Sampai pada suatu hari, ia mulai menyibakkan pertanyaan. Tak pernah ku sangka selama aku beberapa hari di rumah sakit, ia yang membawakan tasku. Dan ia telah membaca semua diaryku dari A hingga Z. Dari awal hingga akhir. Awal ku mencintainya 7 tahun yang lalu yang melalui mimpi hingga saat ini bahkan detik ini. Dia sendiri yang bercerita kepadaku. “ Zahra, ana sudah tahu semuanya tentangmu. Kamu tidak perlu malu untuk mengakuinya. Memang, dulu ana anggap itu hanya bercanda. Dan ternyata sampai saat ini pun kamu tak lelah untuk menungguku. Zahra, maafkan ana. Ana tidak pernah mau tahu mengerti isi hatimu dulu. Ana bahkan sering melukai hatimu dengan bercemburukan santriwati-santriwati dulu yang lainnya. Namun itu semua sudah menjadi masa lalu. Dan ana tak mau hidup di dalamnya lagi. Zahra, izinkan ana untuk menjadi Imammu. Dan izinkan ana untuk setiap kali mengecup keningmu dan mengatakan bahwa aku mencintaimu”, katanya padaku yang dengan suara desah nafas yang menyejukkan kalbu. Tak terasa ku mengucurkan lagi air mata ini. Tak bisa ku bendung rasa antara malu dan bahagia ini.
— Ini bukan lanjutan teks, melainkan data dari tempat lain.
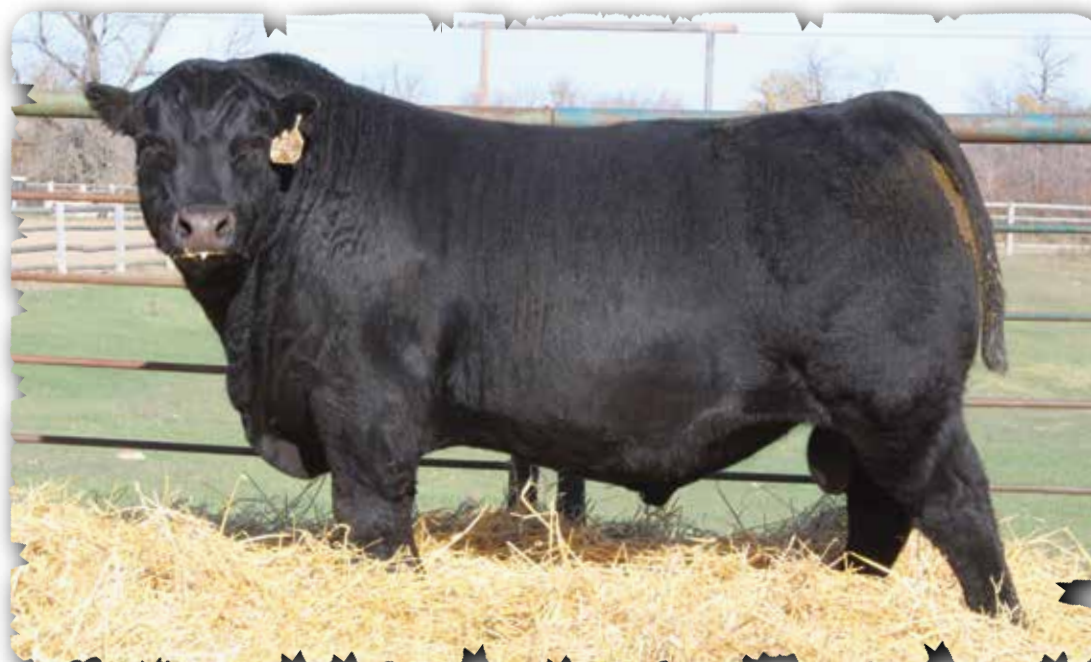
PEAK DOT COLOSSAL 2095K - LOT 7
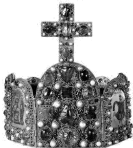
Crown of the Holy Roman Empire, which was tied to the Catholic church and lasted from the 10th—19th century.
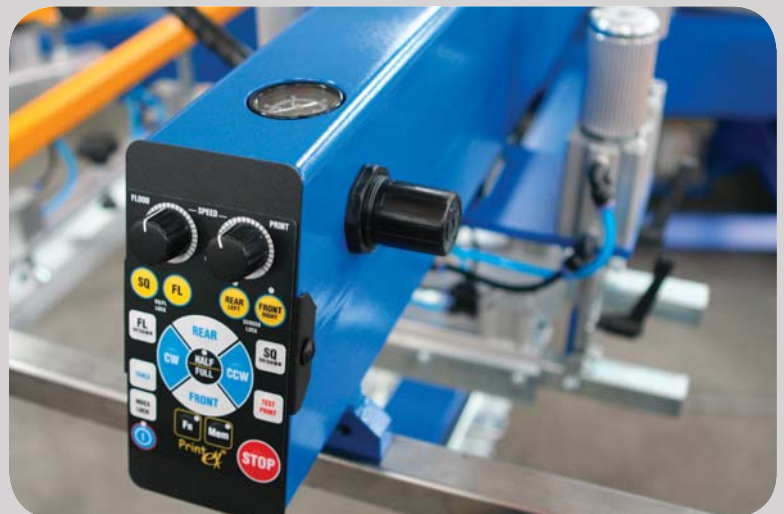
Full Function Printheads
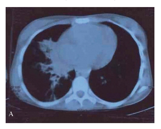
Figure 2: Thoracic computed tomography (CT). (A) Demonstrating tree-in-bud pattern of the right upper lobe and parenchymal consolidation.(B) Showing mediastinal and right hilar lymphadenopathy.

activate a clone of B lymphocytes, which might produce anti-platelet autoantibodies.<sup>3</sup> The patient was treated with high-dose intravenous immunoglobulin (IVIg) (20 g/day, 5 days) and corticosteroid along with anti-TB drugs. Despite discontinuing IVIg and corticosteroid during the treatment, platelet count remained normal; this strongly suggests the causative role of MTb in inducing ITP. Follow-up period showed recurrence of neither thrombocytopenia nor TB. In conclusion, it is important to consider TB in the differential diagnosis of ITP, particularly in high TB-burden areas.
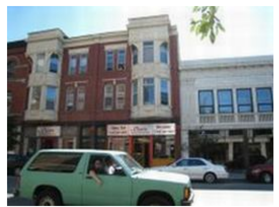
Figure 2. Dad's barber shop on left.

Site Locations. My dad's barber shop (Figure 2) was located at 2366 N. Lincoln Avenue several shops down from the stone
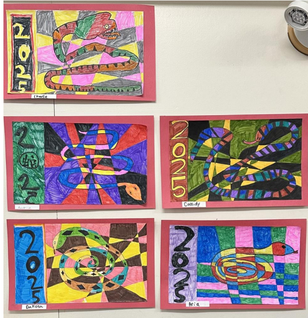
7 - Artwork from Division F04 (Mme. McCurrach/Mme. Terrillon)
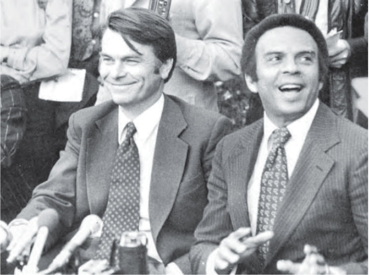
British Foreign Secretary David Owen and Andrew Young, Jimmy Carter's UN Ambassador.
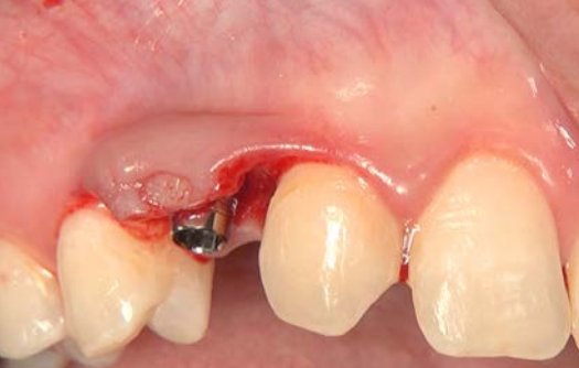
Fig. 5: The iSy implant underwent transgingival healing. The basal parts of the attached gingiva of the vestibular and palatal flaps were not detached.
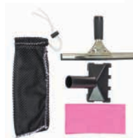
Mesh bag to carry mirror squeegee, microfiber cloth and other tools
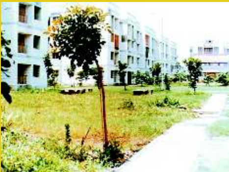
Nerul, New Bombay Housing Scheme : 384 Flats
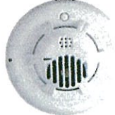
CARBON MONOXIDE DETECTOR
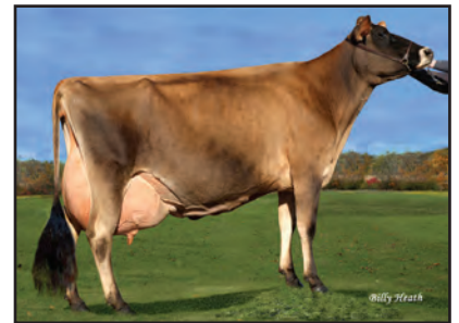
STONEY POINT VINDICATION FEEBEE-ET Sister to the Grandam of Lot 51

            Menginjak usia ke 22 tahun, aku syah dijadikannya pendamping hidup. Antara haru dan bahagia ku ucapkan padanya, “Musuhku dahulu telah menjadi sahabatku kemarin dan sahabatku kemarin telah menjadi kekasihku sekarang”.
“Kekasihku Zahra, ini cincin untukmu yang akan ku sarungkan sendiri di jari manismu, dan kalung ini akan ku letakkan sendiri di lehermu sebagai ganti gelang untuk tangan kananmu dan mengatakannya sendiri padamu bahwa aku mencintaimu dalam sujudku pada-Nya”.